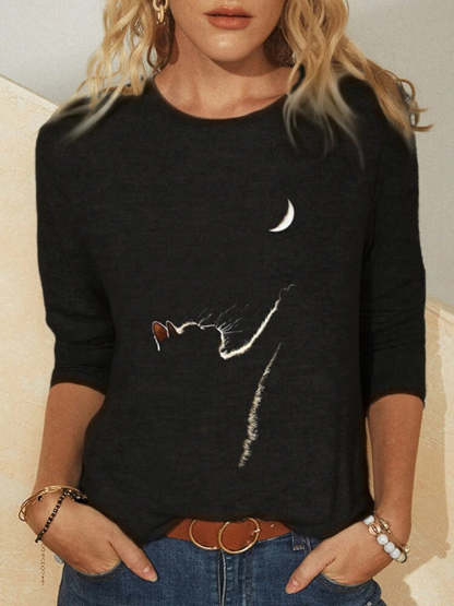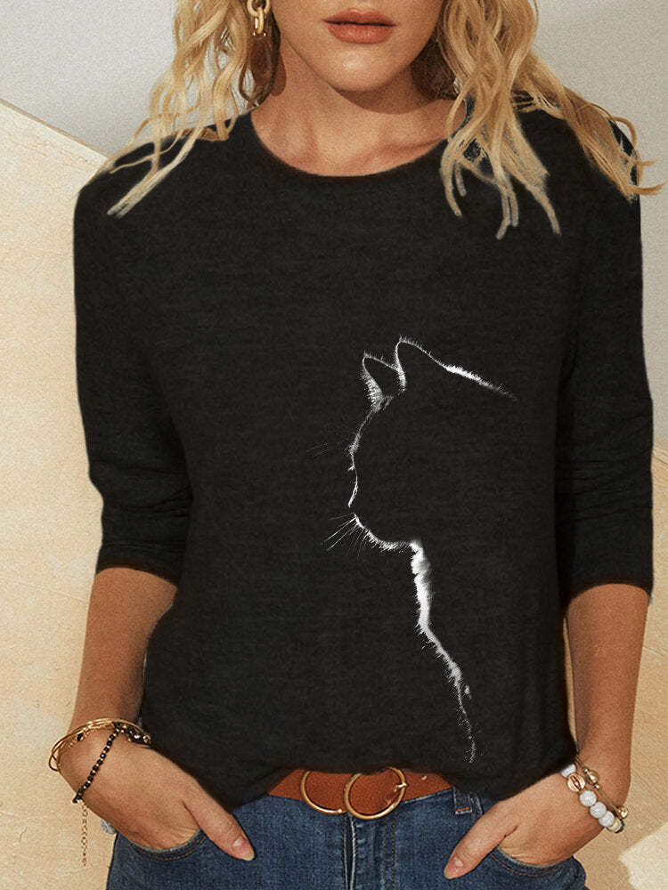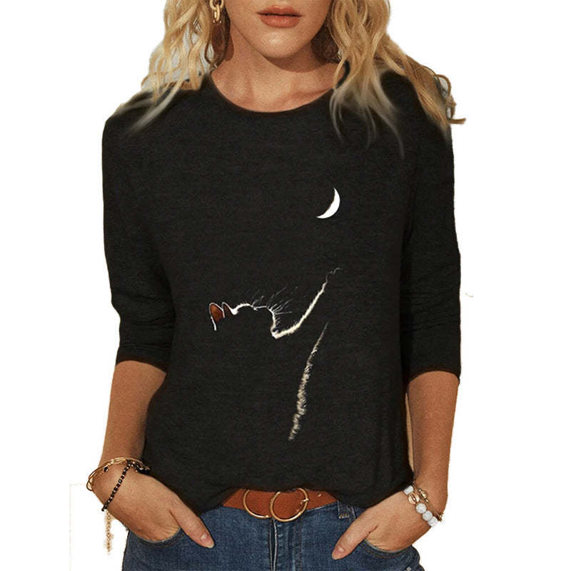 Women's Knitted Leisure Long-sleeved Animal Print Round Neck Casual T-shirt
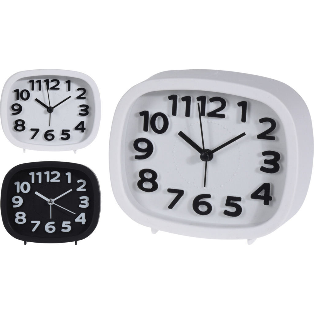 Deze klassieke wekker past door zijn kleur en formaat op elk nachtkastje! Afmeting: 12 cm. Werkt op 1 AA-batterij, niet inbegrepen.
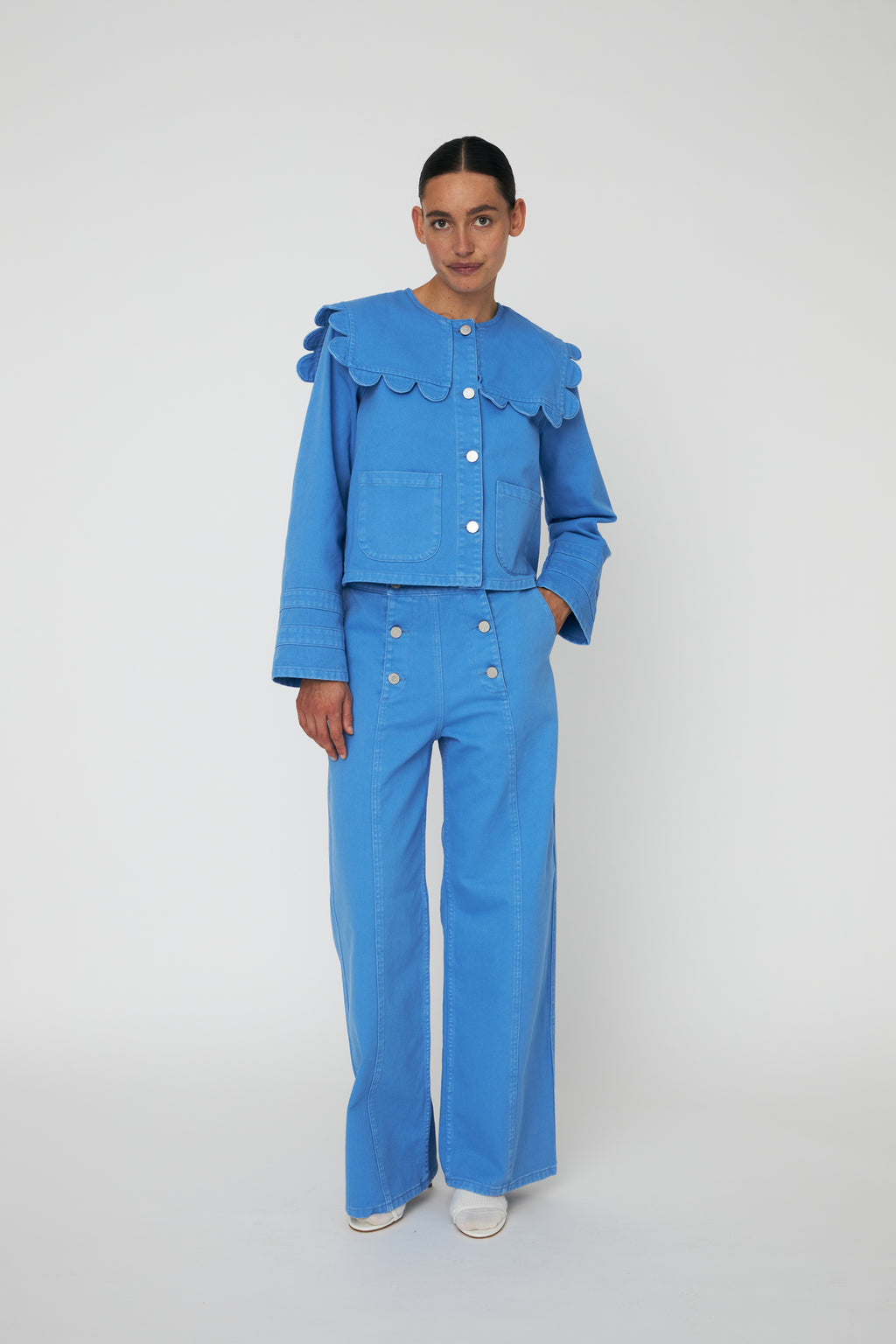 These mid-waist trousers feature a straight-leg silhouette and a signature sailor-style front for timeless appeal. Crafted in a vibrant blue coral hue, they’re finished with practical side pockets, offering a perfect balance of style and functionality. Ideal for elevating everyday outfits with a refined, contemporary touch.
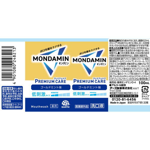アース モンダミン プレミアムケア ゴールドミント 100mL 医薬部外品アース製薬 薬用 MONDAMIN マウスウォッシュ オーラルケア 口腔 ケア
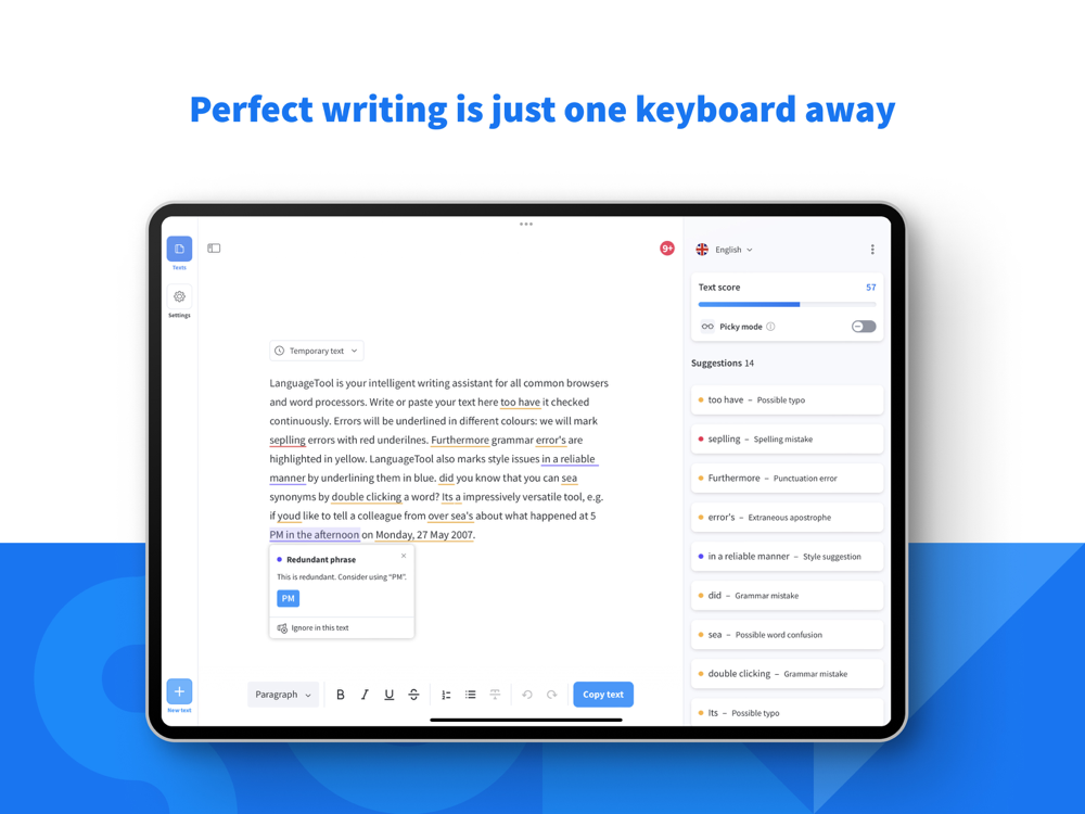 The importance of written communication is increasing, especially in times where working from home is more in demand. Ensure that your writing is proficient and professional at all times by using LanguageTool to prevent embarrassing spelling mistakes and avoid colloquial phrases.
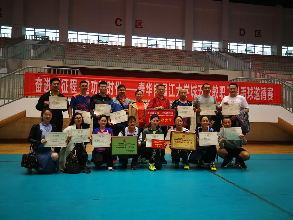 4月12日,在由四川省教科文卫工会主办,成都中医药大学承办的“春华杯温江大学城五校教职工羽毛球邀请赛”中,我校教职工羽毛球队喜获A组(45岁及以上)团体总分第一名,B组(45岁以下)团体总分第二名。
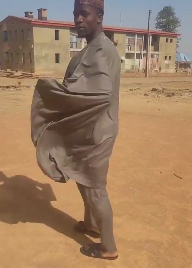 A man is posing for the camera in an outdoor setting. He is wearing a gray traditional outfit, including a long-sleeved top, pants, and a patterned cap. His top has a decorative V-shaped design on the chest area. He also sports black sandals. The ground is reddish-brown dirt or sand. In the background, there are buildings, with one being a two-story structure painted in light colors. The sky above is clear and blue. The man's shadow is cast on the ground in front of him. He is facing towards the right and then turns to look at the camera. A red vehicle can be seen in the background.
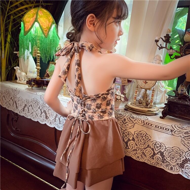 くまさんモチーフがとってもキュート♪ ホルターネック×リボンがポイントのワンピース水着。
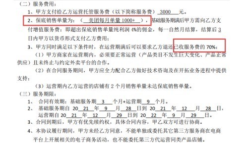 根据唐女士给记者提供的合同可以看到,合同内约定厚德公司为店铺提供产品页面排序、价格核定建议、活动方案制定等服务,并规定店铺在美团每月单量1000以上。合同期限为一年,前三个月是基础服务期,剩余9个月为运营期。运营期内运营店铺有两个月销售单量未达保底单量,则需退还唐女士70%服务费。附加协议表明,在第一个月内厚德公司要保证店铺在15天内达到每日单量20单以上。
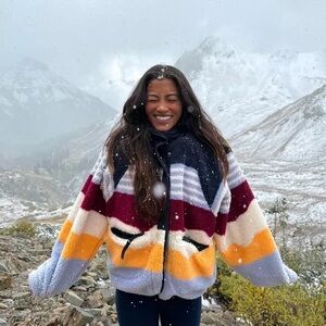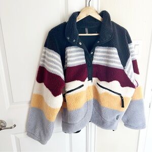 New Free People Hit The Slopes Fleece Jacket Run Stripe Papaya Combo
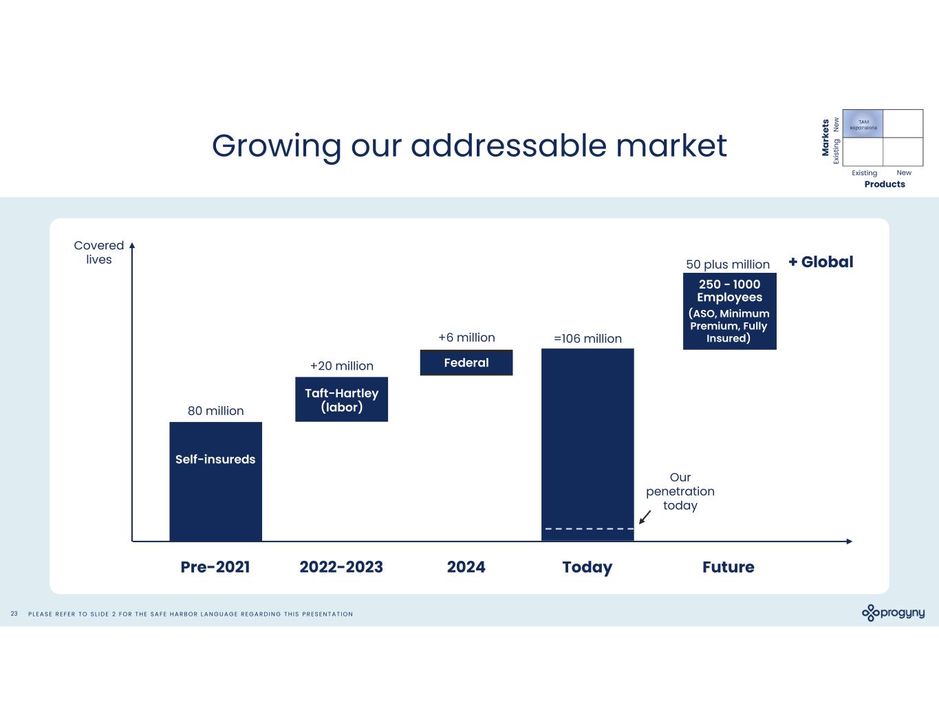 P L E A S E R E F E R T O S L I D E 2 F O R T H E S A F E H A R B O R L A N G U A G E R E G A R D I N G T H I S P R E N T A T I O N23增长我们的潜在市场Pre-2021 2022-2023 2024 Future covered lives 80 million self-insured Taft-Hartley(labor)+ 20 million Federal + 600 million 50 plus million today = 1.06亿our penetration today + Global 250-1000名员工TAM扩充新的现有产品M ar ke ts N ew ex is tin g(ASO,最低保费,全额保险)
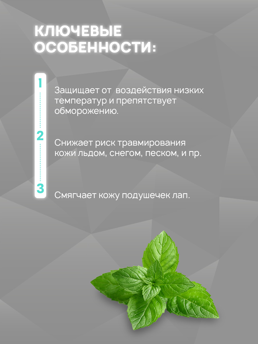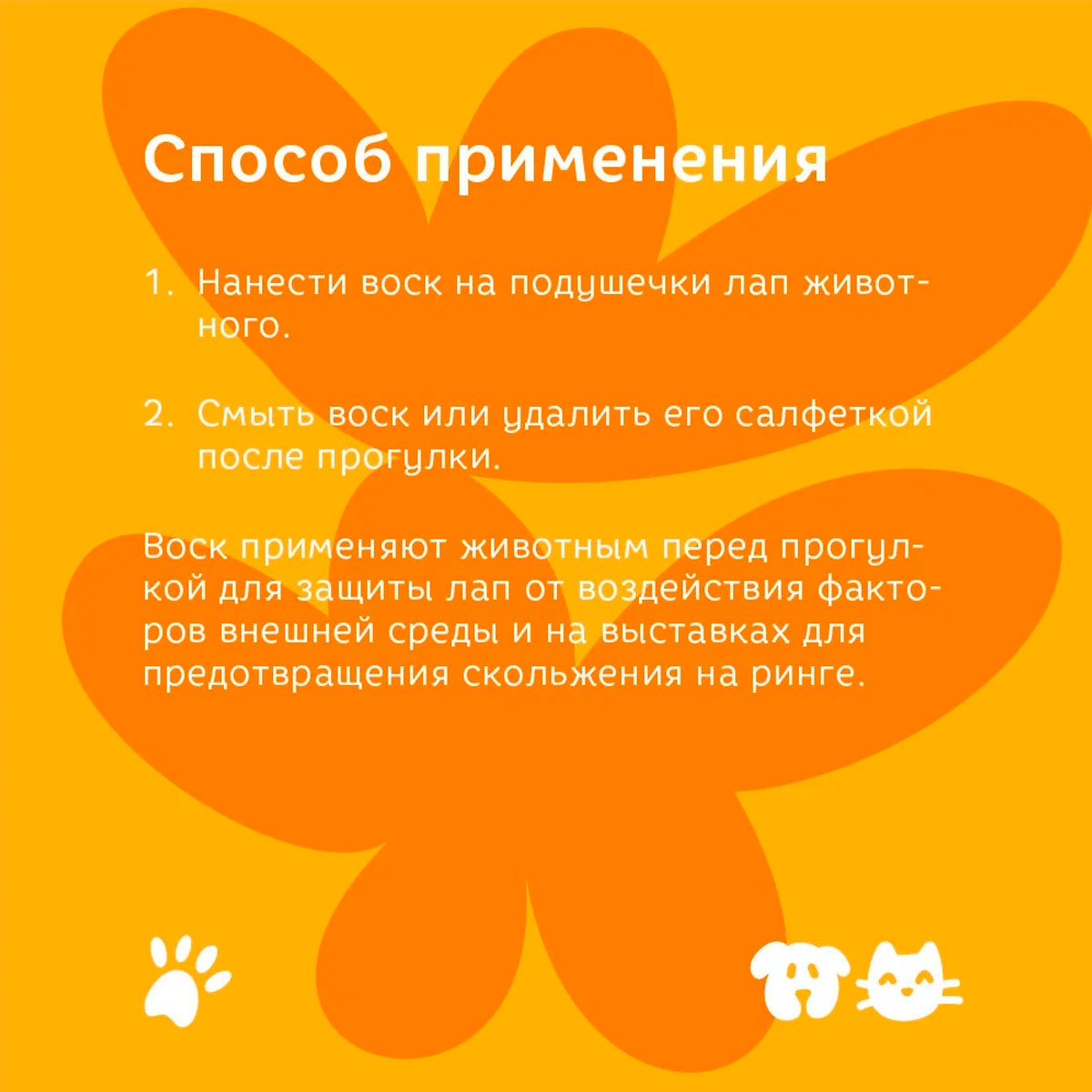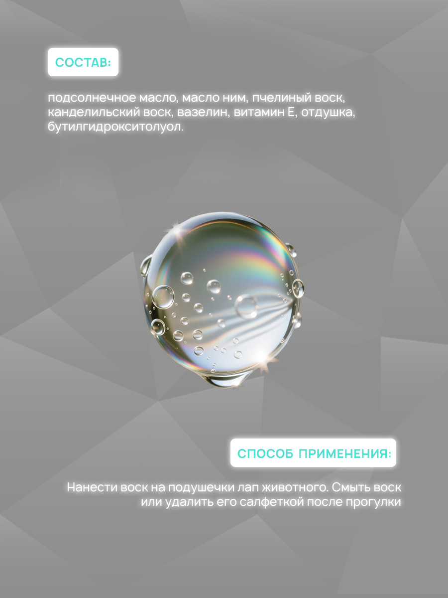 Воск предназначен для ухода за лапами питомца во время прогулки в неблагоприятных погодных условиях.

= = =

> [WHAT THE TASK ASKS] Find the line with "根据唐女士给记者提供的合同可" in the data above, and from there retype each line exactly through the line with "New Free People", skipping the pictures along the way.

> [TASK RESULT]
 根据唐女士给记者提供的合同可以看到,合同内约定厚德公司为店铺提供产品页面排序、价格核定建议、活动方案制定等服务,并规定店铺在美团每月单量1000以上。合同期限为一年,前三个月是基础服务期,剩余9个月为运营期。运营期内运营店铺有两个月销售单量未达保底单量,则需退还唐女士70%服务费。附加协议表明,在第一个月内厚德公司要保证店铺在15天内达到每日单量20单以上。
 New Free People Hit The Slopes Fleece Jacket Run Stripe Papaya Combo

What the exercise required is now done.